[[ Task input open ]]

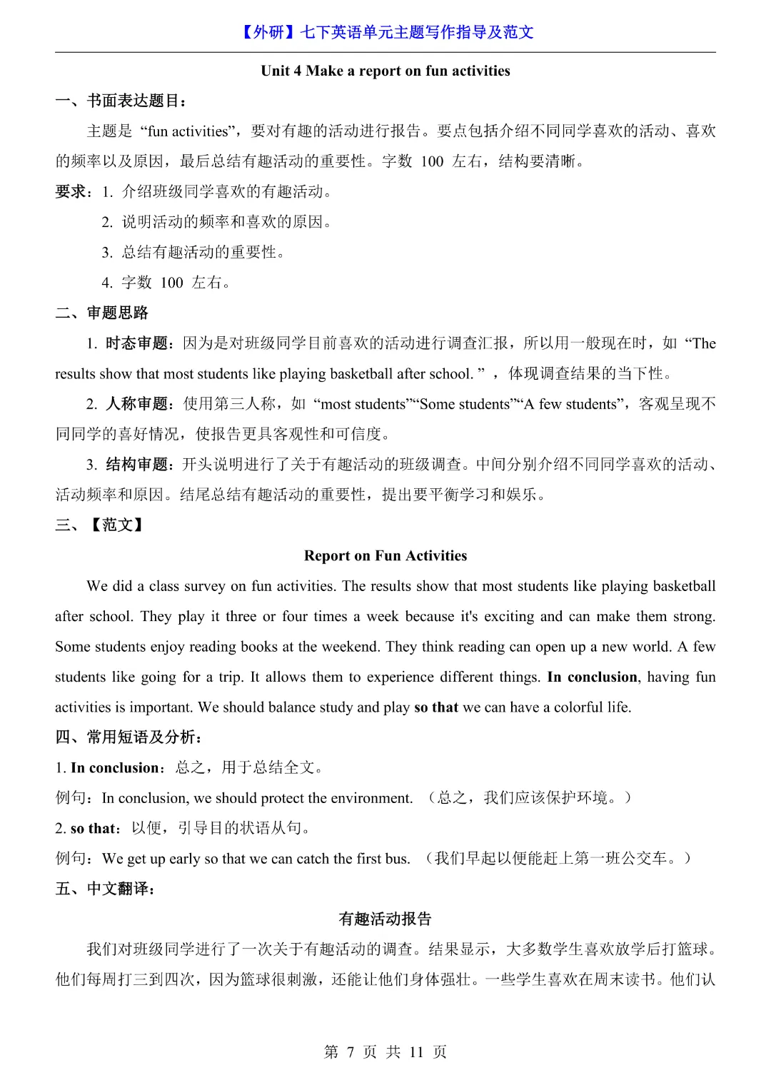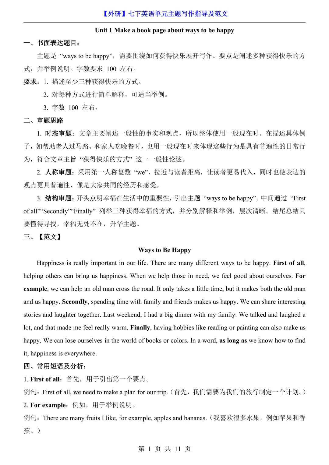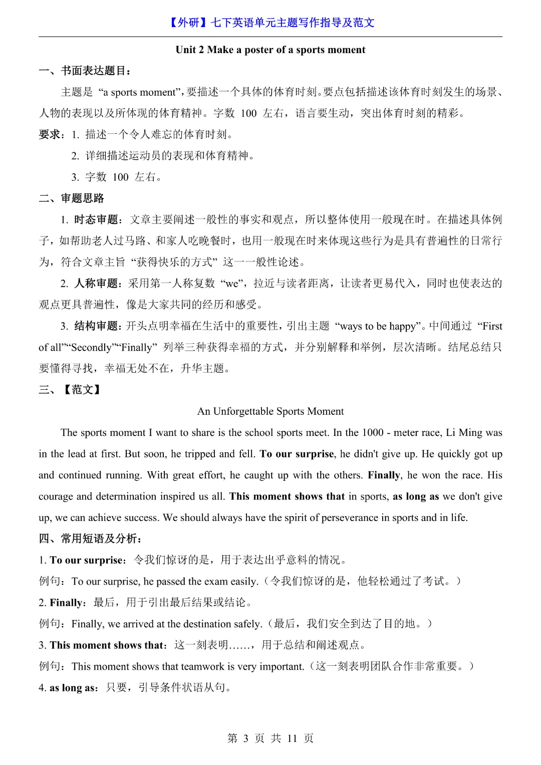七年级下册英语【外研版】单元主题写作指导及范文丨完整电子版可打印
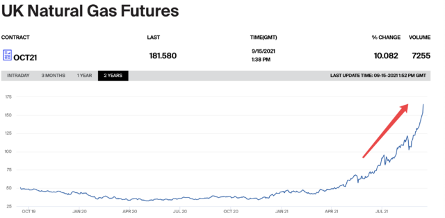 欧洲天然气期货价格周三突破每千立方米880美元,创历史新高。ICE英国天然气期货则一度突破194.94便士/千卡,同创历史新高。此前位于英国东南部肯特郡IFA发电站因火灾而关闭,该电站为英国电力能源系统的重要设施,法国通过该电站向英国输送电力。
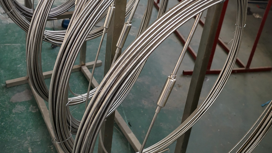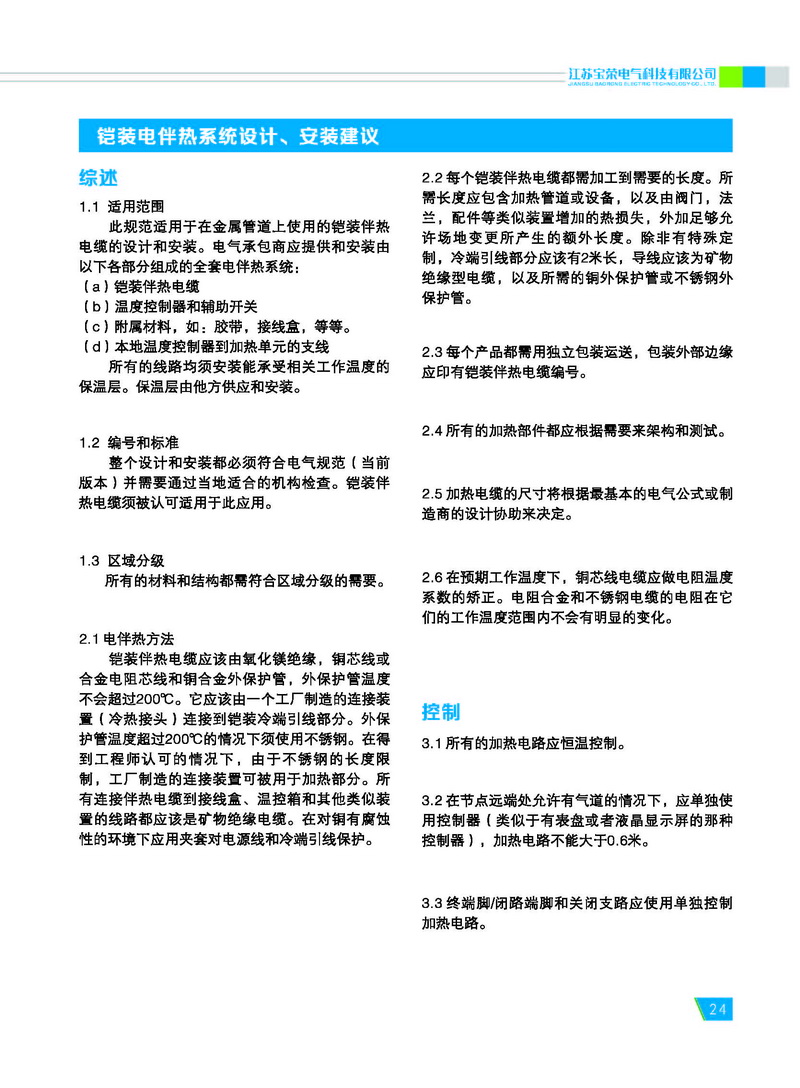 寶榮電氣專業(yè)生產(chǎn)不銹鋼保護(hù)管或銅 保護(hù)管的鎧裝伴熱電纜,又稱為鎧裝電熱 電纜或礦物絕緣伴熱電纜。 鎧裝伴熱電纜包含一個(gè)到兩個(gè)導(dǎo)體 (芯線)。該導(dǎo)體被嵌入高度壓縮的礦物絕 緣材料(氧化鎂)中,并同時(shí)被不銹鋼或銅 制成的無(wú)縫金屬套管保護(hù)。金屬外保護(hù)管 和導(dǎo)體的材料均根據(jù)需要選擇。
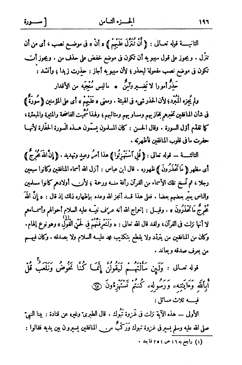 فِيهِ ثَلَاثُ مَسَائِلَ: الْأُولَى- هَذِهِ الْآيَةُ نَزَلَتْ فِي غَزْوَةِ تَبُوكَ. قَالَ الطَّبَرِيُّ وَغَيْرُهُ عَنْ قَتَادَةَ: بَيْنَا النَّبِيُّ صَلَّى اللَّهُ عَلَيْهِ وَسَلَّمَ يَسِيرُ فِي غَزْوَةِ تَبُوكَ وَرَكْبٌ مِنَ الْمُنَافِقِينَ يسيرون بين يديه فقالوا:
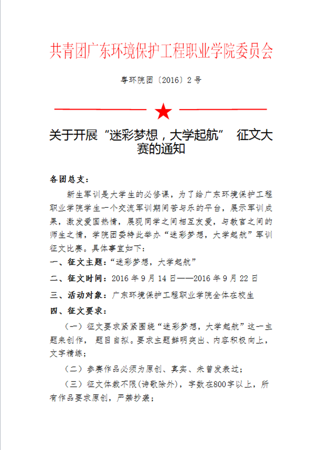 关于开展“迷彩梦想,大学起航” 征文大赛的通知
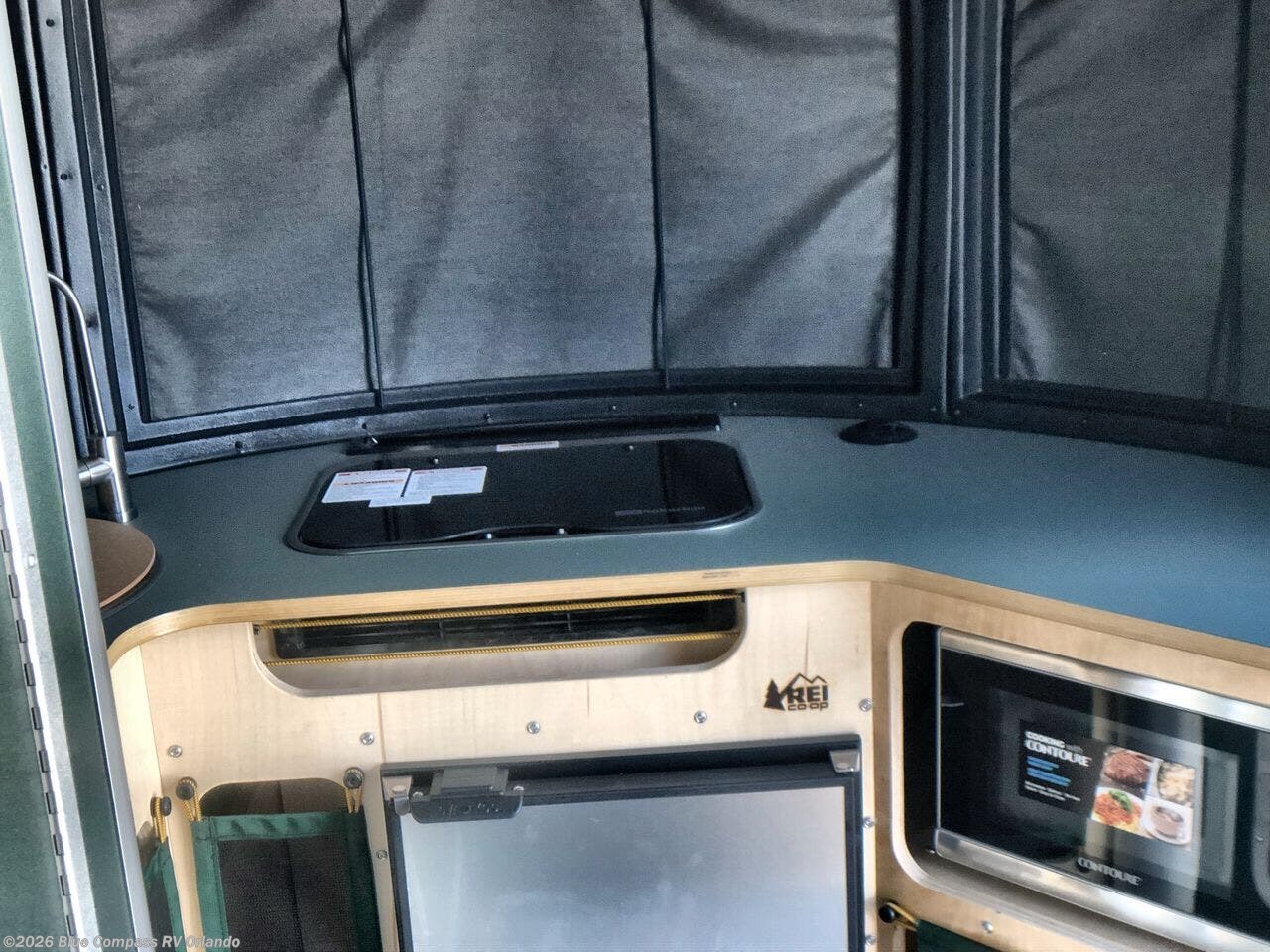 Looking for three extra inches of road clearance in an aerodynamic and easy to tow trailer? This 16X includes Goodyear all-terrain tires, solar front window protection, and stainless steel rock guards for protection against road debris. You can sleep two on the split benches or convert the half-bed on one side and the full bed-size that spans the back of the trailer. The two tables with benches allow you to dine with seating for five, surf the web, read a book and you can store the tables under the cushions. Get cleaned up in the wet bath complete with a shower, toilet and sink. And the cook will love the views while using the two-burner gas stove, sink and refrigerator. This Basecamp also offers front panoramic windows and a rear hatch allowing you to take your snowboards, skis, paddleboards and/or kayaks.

[[ Task input closed ]]

■ **Problem statement**
Print every entry above again without changing a word, and omit the pictures.

■ **Solution**
七年级下册英语【外研版】单元主题写作指导及范文丨完整电子版可打印
 欧洲天然气期货价格周三突破每千立方米880美元,创历史新高。ICE英国天然气期货则一度突破194.94便士/千卡,同创历史新高。此前位于英国东南部肯特郡IFA发电站因火灾而关闭,该电站为英国电力能源系统的重要设施,法国通过该电站向英国输送电力。
 寶榮電氣專業(yè)生產(chǎn)不銹鋼保護(hù)管或銅 保護(hù)管的鎧裝伴熱電纜,又稱為鎧裝電熱 電纜或礦物絕緣伴熱電纜。 鎧裝伴熱電纜包含一個(gè)到兩個(gè)導(dǎo)體 (芯線)。該導(dǎo)體被嵌入高度壓縮的礦物絕 緣材料(氧化鎂)中,并同時(shí)被不銹鋼或銅 制成的無(wú)縫金屬套管保護(hù)。金屬外保護(hù)管 和導(dǎo)體的材料均根據(jù)需要選擇。
 فِيهِ ثَلَاثُ مَسَائِلَ: الْأُولَى- هَذِهِ الْآيَةُ نَزَلَتْ فِي غَزْوَةِ تَبُوكَ. قَالَ الطَّبَرِيُّ وَغَيْرُهُ عَنْ قَتَادَةَ: بَيْنَا النَّبِيُّ صَلَّى اللَّهُ عَلَيْهِ وَسَلَّمَ يَسِيرُ فِي غَزْوَةِ تَبُوكَ وَرَكْبٌ مِنَ الْمُنَافِقِينَ يسيرون بين يديه فقالوا:
 关于开展“迷彩梦想,大学起航” 征文大赛的通知
 Looking for three extra inches of road clearance in an aerodynamic and easy to tow trailer? This 16X includes Goodyear all-terrain tires, solar front window protection, and stainless steel rock guards for protection against road debris. You can sleep two on the split benches or convert the half-bed on one side and the full bed-size that spans the back of the trailer. The two tables with benches allow you to dine with seating for five, surf the web, read a book and you can store the tables under the cushions. Get cleaned up in the wet bath complete with a shower, toilet and sink. And the cook will love the views while using the two-burner gas stove, sink and refrigerator. This Basecamp also offers front panoramic windows and a rear hatch allowing you to take your snowboards, skis, paddleboards and/or kayaks.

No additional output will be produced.